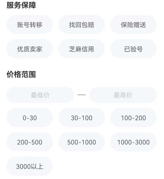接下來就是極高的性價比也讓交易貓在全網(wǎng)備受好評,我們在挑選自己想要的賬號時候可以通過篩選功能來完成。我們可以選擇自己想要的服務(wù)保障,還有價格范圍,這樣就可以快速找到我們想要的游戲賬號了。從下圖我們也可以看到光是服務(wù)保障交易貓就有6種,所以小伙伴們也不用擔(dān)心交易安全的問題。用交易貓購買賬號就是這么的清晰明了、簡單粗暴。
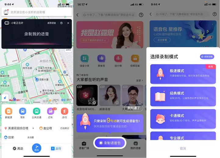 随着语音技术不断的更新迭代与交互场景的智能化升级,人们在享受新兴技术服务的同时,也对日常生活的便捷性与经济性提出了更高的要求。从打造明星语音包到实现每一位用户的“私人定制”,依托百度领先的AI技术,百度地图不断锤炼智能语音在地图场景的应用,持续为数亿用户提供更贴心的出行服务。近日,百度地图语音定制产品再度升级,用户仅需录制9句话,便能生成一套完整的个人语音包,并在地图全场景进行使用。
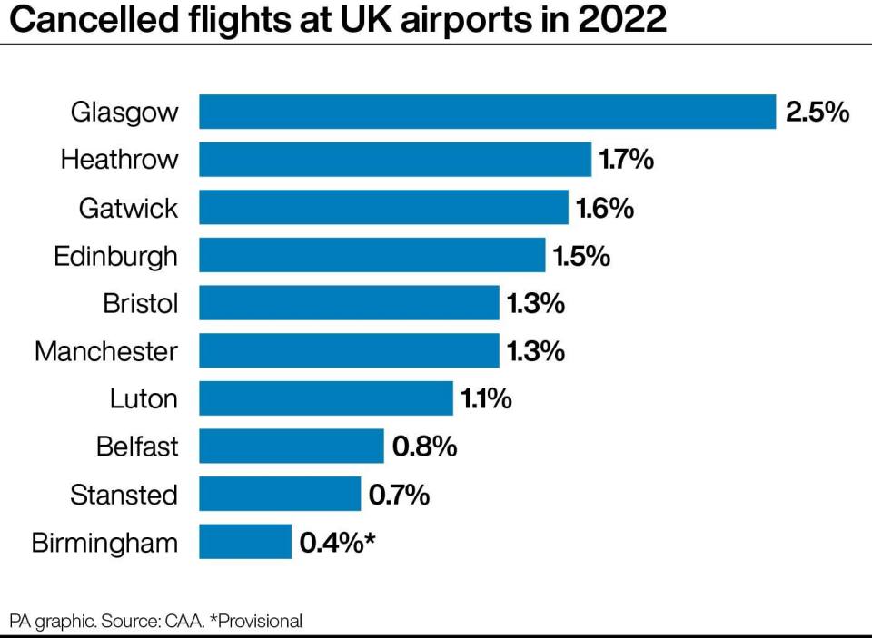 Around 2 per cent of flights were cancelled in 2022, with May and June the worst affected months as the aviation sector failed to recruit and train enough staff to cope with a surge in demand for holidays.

* * * * * * * * *

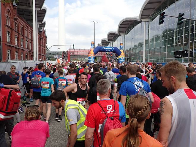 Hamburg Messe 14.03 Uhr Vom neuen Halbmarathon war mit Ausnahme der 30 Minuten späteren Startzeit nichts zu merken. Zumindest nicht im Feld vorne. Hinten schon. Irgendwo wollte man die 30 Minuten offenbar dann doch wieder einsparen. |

* * * * * * * * *

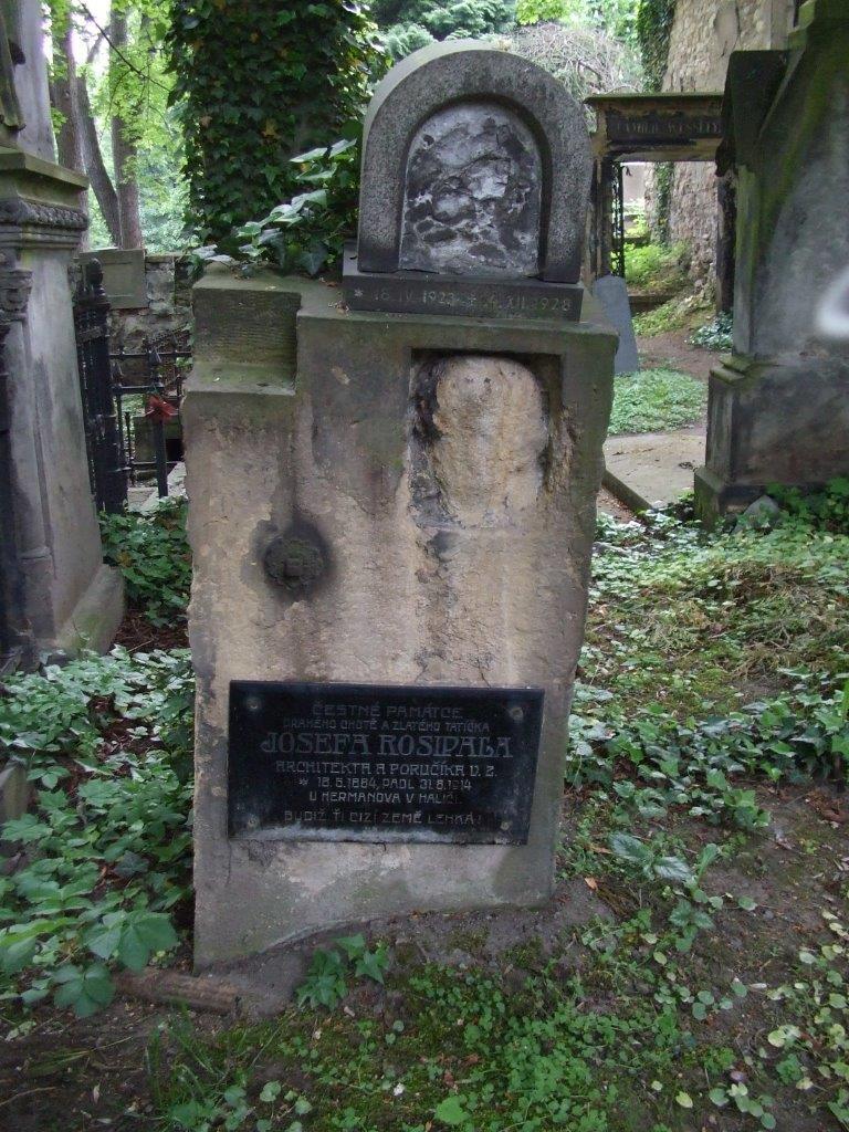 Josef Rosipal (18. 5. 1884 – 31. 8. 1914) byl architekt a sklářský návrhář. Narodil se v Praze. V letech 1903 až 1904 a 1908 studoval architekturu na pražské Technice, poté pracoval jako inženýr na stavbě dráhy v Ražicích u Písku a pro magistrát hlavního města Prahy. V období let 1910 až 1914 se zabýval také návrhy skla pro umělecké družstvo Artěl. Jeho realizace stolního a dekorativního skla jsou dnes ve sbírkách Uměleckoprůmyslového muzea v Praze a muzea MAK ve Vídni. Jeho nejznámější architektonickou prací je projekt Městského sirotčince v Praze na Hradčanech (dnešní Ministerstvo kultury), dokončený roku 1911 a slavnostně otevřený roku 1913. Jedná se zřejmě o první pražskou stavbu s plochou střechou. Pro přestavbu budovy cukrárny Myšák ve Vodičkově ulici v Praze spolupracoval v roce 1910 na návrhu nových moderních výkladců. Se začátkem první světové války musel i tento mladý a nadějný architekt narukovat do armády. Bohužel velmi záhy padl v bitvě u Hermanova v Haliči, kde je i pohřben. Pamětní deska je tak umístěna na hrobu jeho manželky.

* * * * * * * * *

## Work instruction
What you write out is the stretch of entries from the line containing "接下來就是極高的性價比也讓交" to the line containing "Around 2 per", word for word, with both end lines and no pictures.

## Task solution
接下來就是極高的性價比也讓交易貓在全網(wǎng)備受好評,我們在挑選自己想要的賬號時候可以通過篩選功能來完成。我們可以選擇自己想要的服務(wù)保障,還有價格范圍,這樣就可以快速找到我們想要的游戲賬號了。從下圖我們也可以看到光是服務(wù)保障交易貓就有6種,所以小伙伴們也不用擔(dān)心交易安全的問題。用交易貓購買賬號就是這么的清晰明了、簡單粗暴。
 随着语音技术不断的更新迭代与交互场景的智能化升级,人们在享受新兴技术服务的同时,也对日常生活的便捷性与经济性提出了更高的要求。从打造明星语音包到实现每一位用户的“私人定制”,依托百度领先的AI技术,百度地图不断锤炼智能语音在地图场景的应用,持续为数亿用户提供更贴心的出行服务。近日,百度地图语音定制产品再度升级,用户仅需录制9句话,便能生成一套完整的个人语音包,并在地图全场景进行使用。
 Around 2 per cent of flights were cancelled in 2022, with May and June the worst affected months as the aviation sector failed to recruit and train enough staff to cope with a surge in demand for holidays.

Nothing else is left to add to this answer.